Wie der Extrusionsprozess bei Kunststoffen abläuft
Ausgangsmaterial ist meist Kunststoff in Granulat- oder Pulverform. Im Extruder wird das Material durch Temperatur, Druck und Scherung plastifiziert und mit einer Schnecke zum Werkzeug gefördert. Die Werkzeuggeometrie bestimmt die Form des austretenden Strangs oder der Bahn, danach sichern nachgeschaltete Prozessschritte die geforderten Masse, die Oberflächenqualität und die Weiterverarbeitung.
Typische Einsatzbereiche für extrudierte Kunststoffprodukte
Extrudieren wird vor allem dort eingesetzt, wo kontinuierliche Produktformen benötigt werden.
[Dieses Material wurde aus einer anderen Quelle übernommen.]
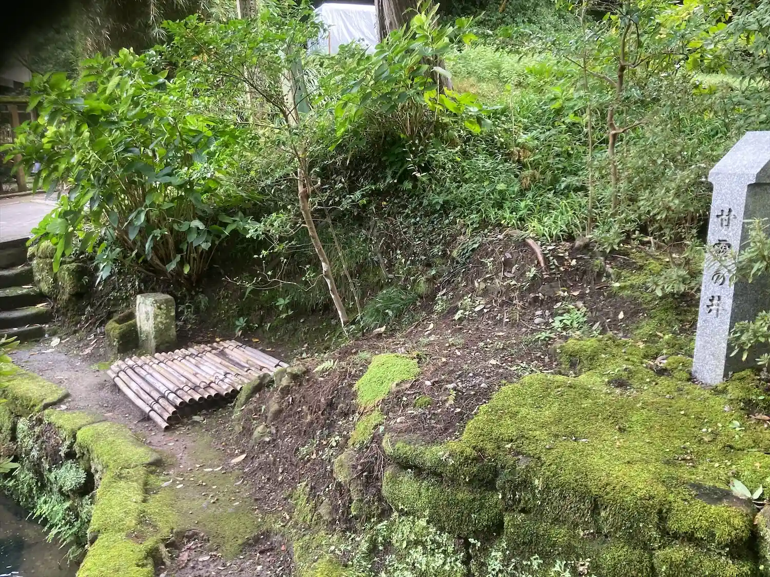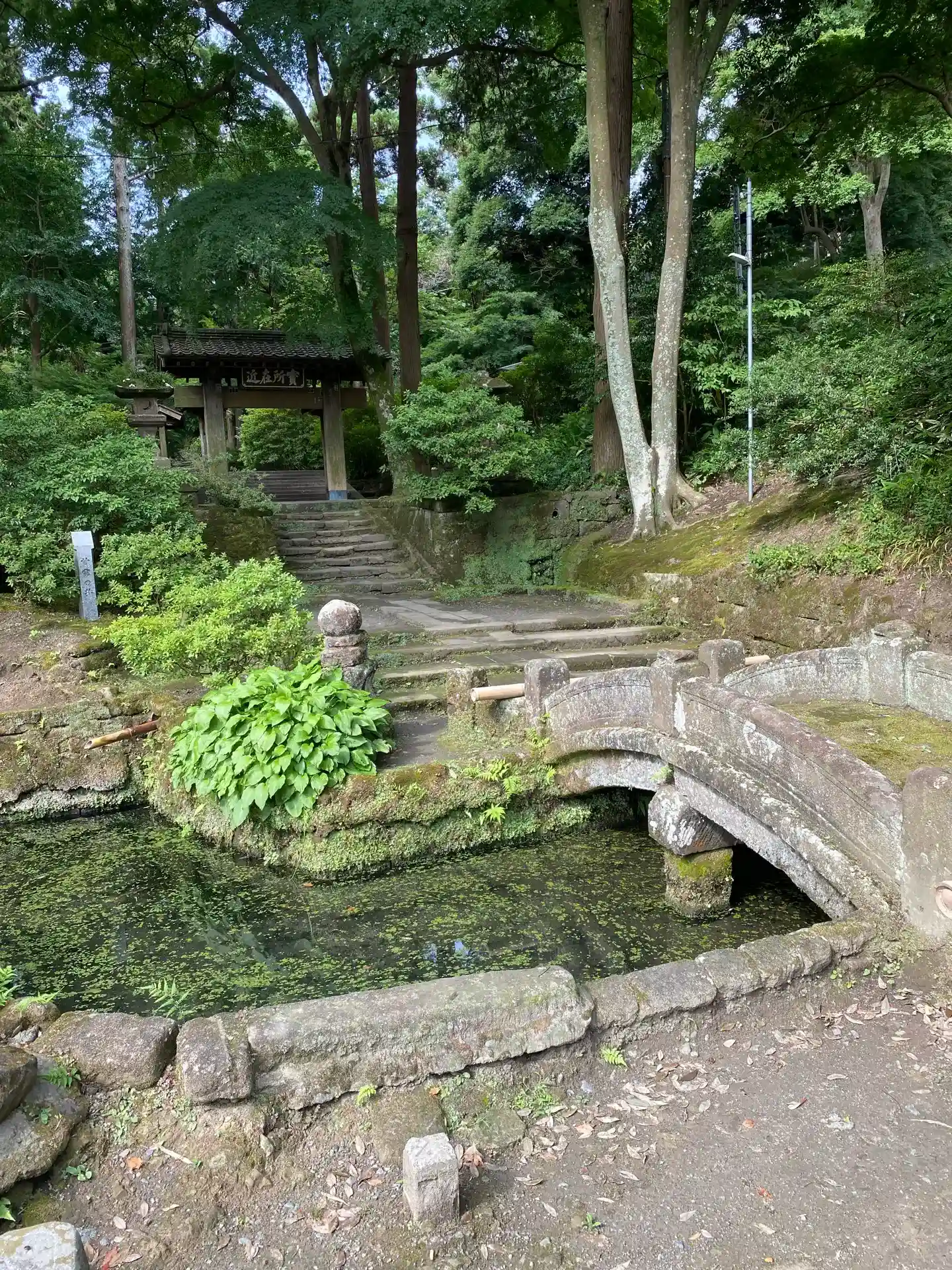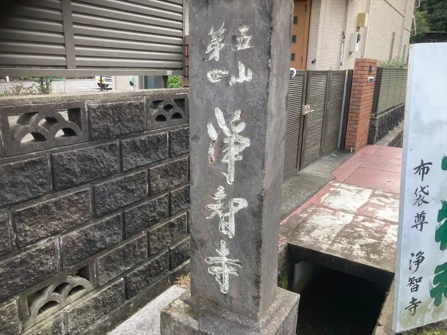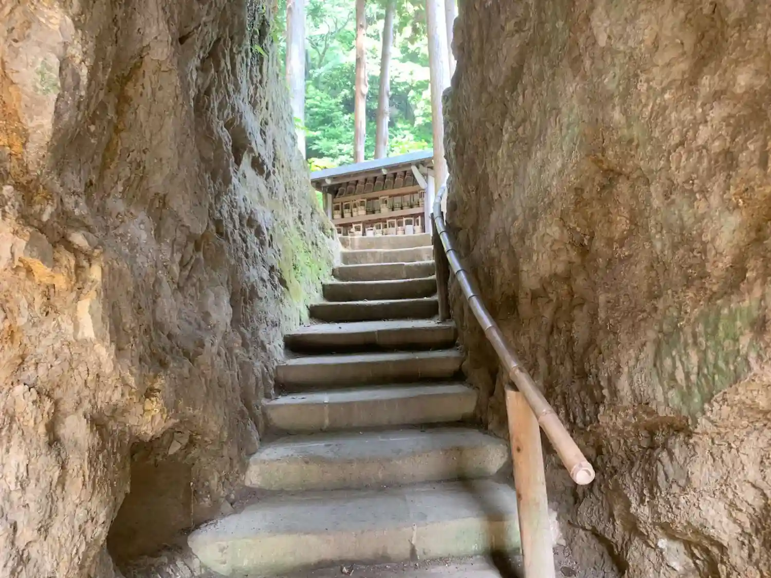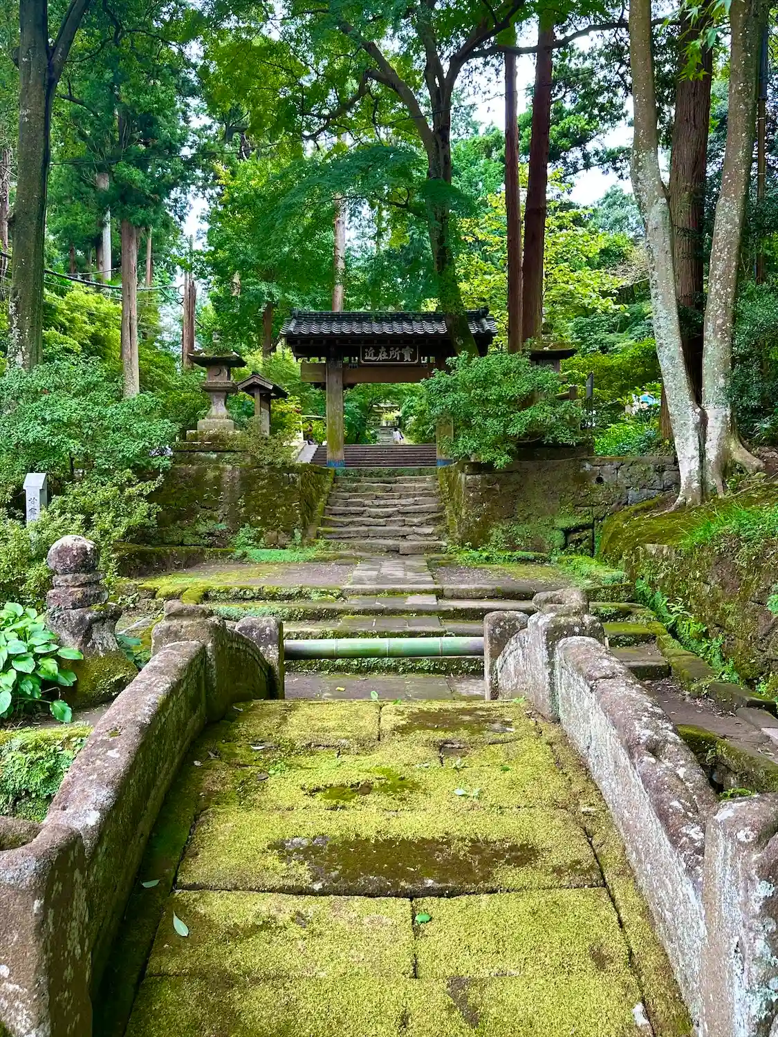 円覚寺から駐車場へ戻りながら浄智寺の寺標を曲がると正面に風情満ち溢れた石階…

Dazu zählen Profile und Rohre, Folien und Platten, Bänder sowie Ummantelungen für Leitungen, Kabel oder andere Träger. Das Verfahren eignet sich auch für Halbzeuge, die später zugeschnitten, verschweisst, tiefgezogen oder anderweitig weiterbearbeitet werden.
Verfahrensvarianten und Produktformen im Extrudieren
Innerhalb des Extrudierens gibt es verschiedene Ausprägungen je nach Geometrie und Materialaufbau. Dazu gehören die Herstellung von Profilen und Rohren, Folien- und Plattenextrusion, Folienblasen, Ummanteln sowie Coextrusion mit mehreren Materialschichten in einem gemeinsamen Aufbau. Auch Wickelverfahren für Thermoplaste können auf einem Extrusionsprinzip aufbauen, wenn kontinuierlich Material aufgebracht und geformt wird.
Abgrenzung zu Spritzgiessen, Blasformen und Kalandrieren
Extrudieren gehört in der Kunststoffbranche zu den kontinuierlichen Verarbeitungsverfahren. Im Unterschied zum Spritzgiessen entstehen keine einzelnen Formteile in zyklischen Werkzeugschritten, sondern ein fortlaufender Strang oder eine Bahn. Vom Blasformen ist Extrudieren abzugrenzen, wenn der extrudierte Schlauch oder Vorformling anschliessend zu Hohlkörpern aufgeblasen wird. Kalandrieren arbeitet mit Walzen zur Flachformgebung und wird für bestimmte Bahnwaren als eigenständiges Verfahren betrachtet, auch wenn Prozessketten fachlich nahe beieinanderliegen.